At least three or four buildings at the university have a ghoulish presence, she discovered on one of her regular ghost-hunting trips: "It was really fun. There were so many places I found that were haunted. That was a hoot."
UMCP embraces its spookiness. University archivists have put together different exhibits in the past two years examining the university's paranormal past.
This year's "Mysterious Maryland" display, at Hornbake Library, tells the university's eeriest tales.
Anne Turkos, one of the archivists, took students and families last October on a tour of the campus' most haunted locations.
The Rossborough Inn on U.S. Route 1, a centerpiece of both, is home to "Miss Betty," one of the university's "most famous" ghosts, Turkos said, who is rumored to have been a nurse at the inn during the Civil War.
Larry Donnelly, who was a dining services manager and had an office at the inn, saw her there in 1981, wearing a yellow dress.

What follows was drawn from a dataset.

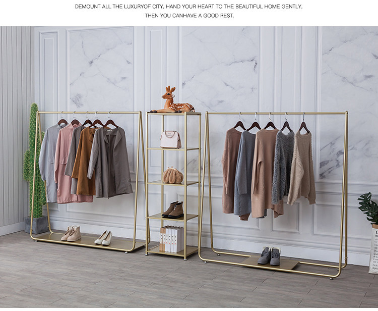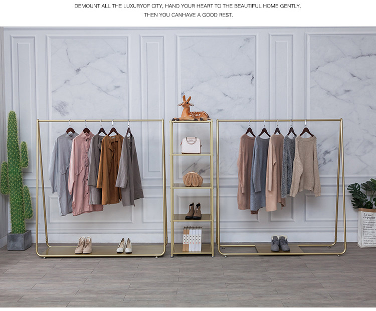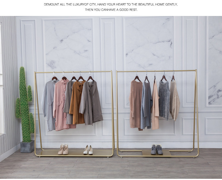 Modern household gold floor hangers Clothes rack Household bedroom floor hangers Hangers against the wall clothes

The sighting, Turkos said, was confirmed by one of his employees.
There are also mysterious noises and smells that come from Morrill Hall, and on stormy nights, Turkos said, people have heard a piano playing in Marie Mount Hall, even though there hasn't been a piano in the building for years.
A portrait of Marie Mount, the college's first dean of home economics, seemingly watches visitors, its eyes following them around the room.
Litsinger especially enjoyed the inn on her last visit to campus, a few years ago.
"When I walked in, I actually saw the ghosts," she said—even Miss Betty, whom she described as "not too tall" with "dark hair."
UMCP is just one of many sites she has visited; in fact, Litsinger has compiled a list of 232 "hauntings" throughout Maryland and posted them on her Web site. She, however, knows of about 1,000 sites overall and is putting them together for a book, tentatively titled, "Haunted Maryland."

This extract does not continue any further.